EXERCISE DIRECTIONS: Repeat the lines from the one containing "Earthrise, 100% спирулина, выращенная" through the end of the listing exactly, both ends included. Do not carry over any pictures.

RECORDED INFORMATION:

━━━

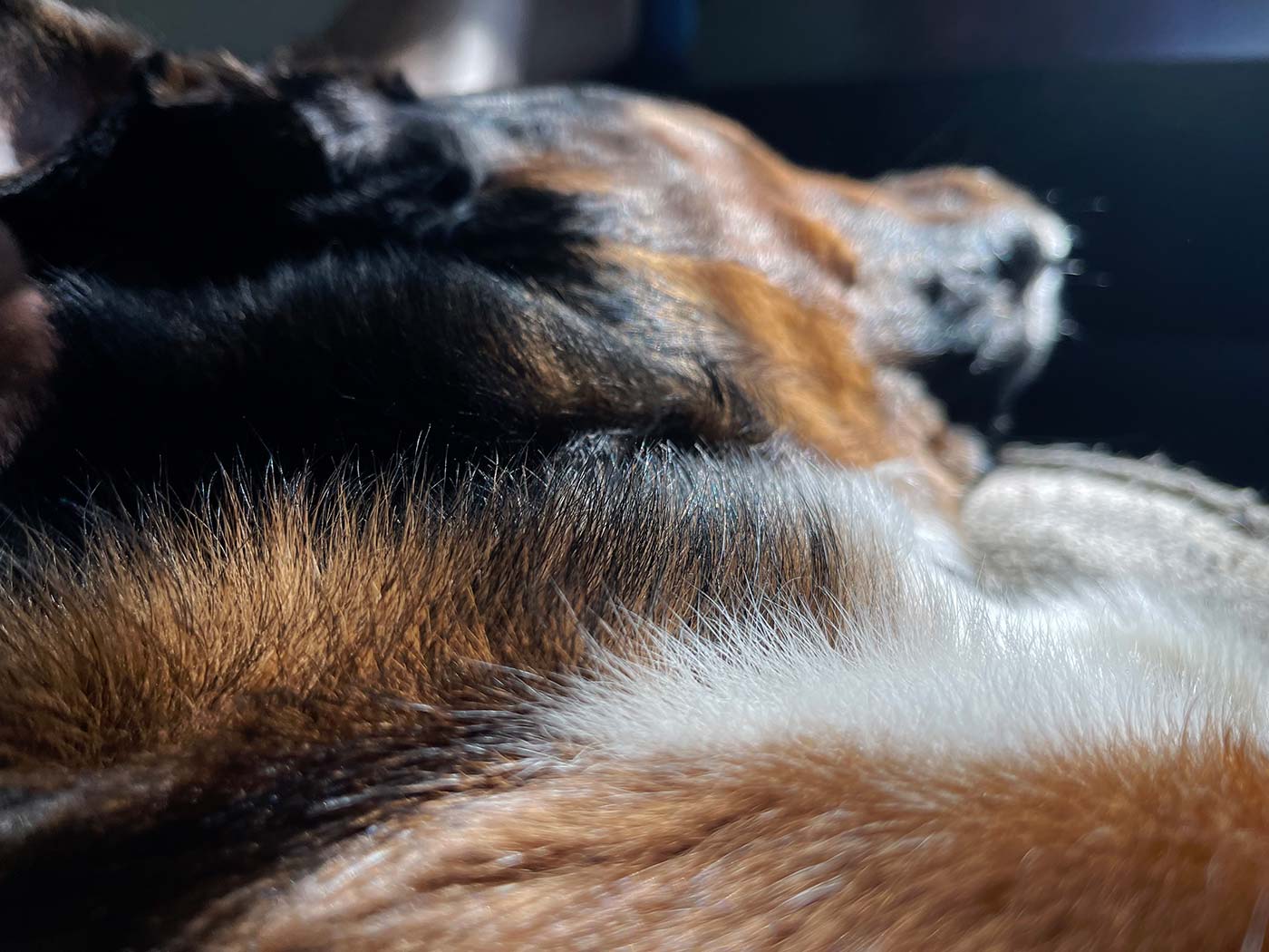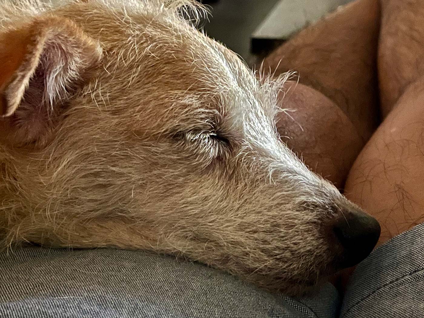 May 3, 2022 - Tuesday - This is still the best part of my days. Pancake, Biscuit and Zak all take turns laying with me at some point while I'm on the couch each evening I'm here. Pancake and Zak are even beginning to get a little closer. She's not completely comfortable around him yet but she's getting better with him.
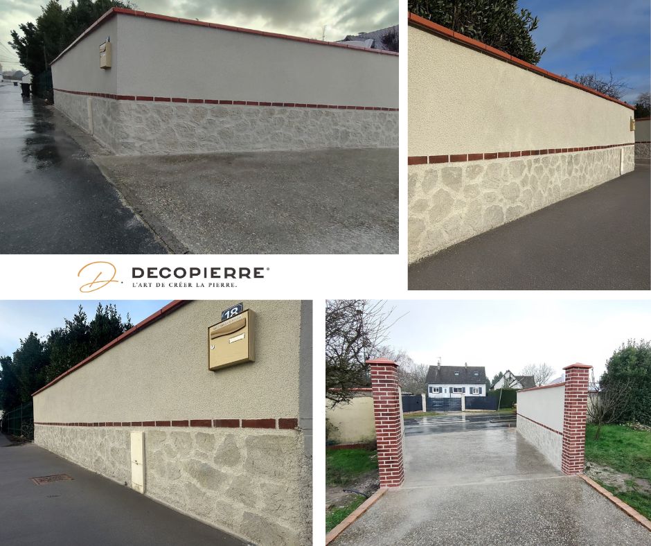 Cette finition en briquettes apporte du relief au mur, tandis que les poteaux de portail en briquettes renforcent le caractère de l’entrée.
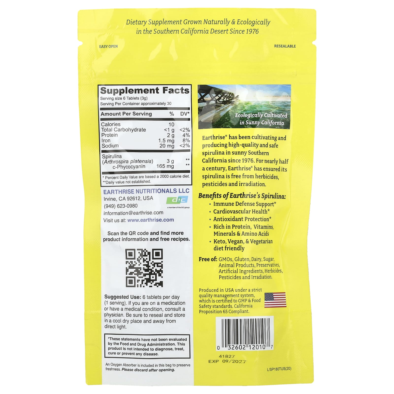 Earthrise, 100% спирулина, выращенная в Калифорнии, 500 мг, 180 таблеток
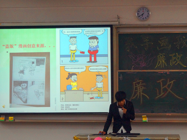 比赛中,各组选手结合当前时事热点、围绕反腐倡廉主题,通过PPT展示对漫画作品做了精彩讲解,从不同角度大唱廉政之风,或是对贪污腐败的深恶痛绝和对反腐倡廉的歌颂,或是对“腐败”现象的讽刺鞭挞,件件作品令人印象深刻,赢得在场师生的广泛共鸣,切实增强了廉政教育的感染力、影响力和吸引力。陈辉老师和陈灿老师分别针对每组作品都进行了细致点评,并给予了进一步修改建议。活动中,主持人还就反腐倡廉方面的知识与观众进行了现场互动与交流。经过激烈角逐,视觉传达131班杨博文同学获得冠军。

━━━

EXPECTED ANSWER:
 Earthrise, 100% спирулина, выращенная в Калифорнии, 500 мг, 180 таблеток
 比赛中,各组选手结合当前时事热点、围绕反腐倡廉主题,通过PPT展示对漫画作品做了精彩讲解,从不同角度大唱廉政之风,或是对贪污腐败的深恶痛绝和对反腐倡廉的歌颂,或是对“腐败”现象的讽刺鞭挞,件件作品令人印象深刻,赢得在场师生的广泛共鸣,切实增强了廉政教育的感染力、影响力和吸引力。陈辉老师和陈灿老师分别针对每组作品都进行了细致点评,并给予了进一步修改建议。活动中,主持人还就反腐倡廉方面的知识与观众进行了现场互动与交流。经过激烈角逐,视觉传达131班杨博文同学获得冠军。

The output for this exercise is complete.